Quando os princípios de refinamento pessoal são estendidos à escala
maior de um propósito escatológico, isso sugere a lógica da perfeição
(plenitude) da igreja através da tribulação (ver Atos 14:22 com Dan.
11:32-35, Dan 12:9- 10). Na verdade, se este for um resumo preciso do
padrão divino, o conceito de remoção equivale a um aborto da sabedoria e
da intenção do “trabalho de Sião”. ((O trabalho da Sião celestial – a
igreja – precipita o trabalho da Sião terrena – Jerusalém natural –
prefatória ao reino; ver Gálatas 4:26; Hebreus 12:22-23; Apocalipse 21;
Apocalipse 12:2; com Isa. 66:8-10; Jeremias 30:6-7; Dan. 12:1,2.))

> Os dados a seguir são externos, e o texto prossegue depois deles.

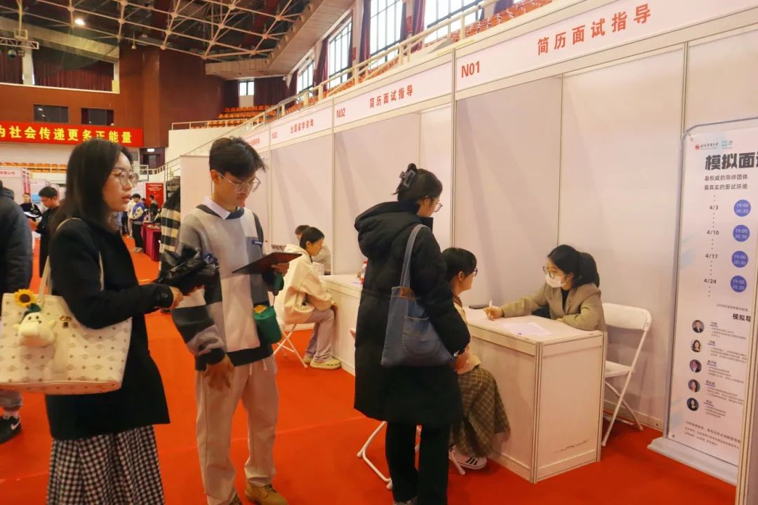 双选会现场还设有简历面试指导、志愿服务西部计划政策咨询、参军入伍政策咨询、教师资格考试、北京教师招聘政策咨询、出国留学咨询等公共咨询展位。职业生涯规划老师对毕业学生提供就业咨询服务。简历面试指导老师表示,面试官在筛选简历时更看重简历与求职岗位的目标感和匹配度,目前学生们在求职过程中最常见的问题是目标不够明确。“大学生的学习和实践经历都很丰富,但简历上大多只是在罗列经历,不够关注与求职岗位的匹配度。”老师建议,“简历既要简洁、注意排版细节,又要把相关的实习经历浓缩进去。应以目标为导向,凸显含金量。如果投递同一类岗位,可以在简历总体框架不变的情况下,根据具体岗位要求调整简历的语言;如果同时投递不同方向的岗位,建议准备侧重点不同的简历。”

A tribulação, temperada pelo Espírito da verdade, atua como um canal
de nascimento para o poder transcendente da vida e da graça da
ressurreição, manifestando através da fraqueza os poderes da era por
vir. Até mesmo Jesus aprendeu a obediência “através” (e não ao redor)
das coisas que Ele sofreu. O fim do poder humano nas crises dá lugar à
revelação do poder da ressurreição em graça e glória (ver Dan. 12: 7,
com Deuteronômio 32:36). “As crises revelam, e as crises finais revelam
supremamente” (Arthur Katz).
Toda a Escritura é uma teologia contínua de ressurreição e triunfo
sobre os elementos mundanos da ordem decaída. Esta é “a fé e a paciência
dos santos”. O período da grande tribulação será o melhor momento de fé
e testemunho da igreja diante da terra e do céu (Dn 11:32-35; Dn
12:9-10; Ap 6:10-11 com Ap 12:11). Portanto, com Paulo, dizemos:
“Ninguém de maneira alguma vos engane; porque esse dia não acontecerá
sem que primeiro venha a apostasia e seja revelado o homem do pecado”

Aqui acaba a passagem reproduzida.